Signed-off-by: Filipe Manana <fdmanana@suse.com>
---
 fs/btrfs/send.c | 61 +++++++++++++++++++++++--------------------------
 1 file changed, 29 insertions(+), 32 deletions(-)

diff --git a/fs/btrfs/send.c b/fs/btrfs/send.c
index 9be3d7db85d6..6332add4865c 100644
--- a/fs/btrfs/send.c
+++ b/fs/btrfs/send.c
@@ -1884,7 +1884,8 @@ enum inode_state {
 	inode_state_did_delete,
 };
 
-static int get_cur_inode_state(struct send_ctx *sctx, u64 ino, u64 gen)

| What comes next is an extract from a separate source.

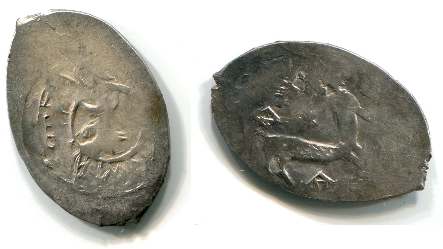 Нечастая денга князя Петра Дмитриевича Дмитровского первого десятилетия XV века. На лицевой стороне - голова в короне в круговой надписи с именем князя. На обороте - кентавр с мечом и кубком в руках, вокруг - квадраты с ромбами внутри. Крупная монета в хорошем для этого типа прочекане, без следов обращения.

+static int get_cur_inode_state(struct send_ctx *sctx, u64 ino, u64 gen,
+			       u64 *send_gen, u64 *parent_gen)
 {
 	int ret;
 	int left_ret;
@@ -1898,6 +1899,8 @@ static int get_cur_inode_state(struct send_ctx *sctx, u64 ino, u64 gen)
 		goto out;
 	left_ret = (info.nlink == 0) ? -ENOENT : ret;
 	left_gen = info.gen;
+	if (send_gen)
+		*send_gen = (left_ret == -ENOENT) ? 0 : info.gen;
 
 	if (!sctx->parent_root) {
 		right_ret = -ENOENT;
@@ -1907,6 +1910,8 @@ static int get_cur_inode_state(struct send_ctx *sctx, u64 ino, u64 gen)
 			goto out;
 		right_ret = (info.nlink == 0) ? -ENOENT : ret;
 		right_gen = info.gen;
+		if (parent_gen)
+			*parent_gen = (right_ret == -ENOENT) ? 0 : info.gen;
 	}
 
 	if (!left_ret && !right_ret) {
@@ -1951,14 +1956,15 @@ static int get_cur_inode_state(struct send_ctx *sctx, u64 ino, u64 gen)
 	return ret;
 }
 
-static int is_inode_existent(struct send_ctx *sctx, u64 ino, u64 gen)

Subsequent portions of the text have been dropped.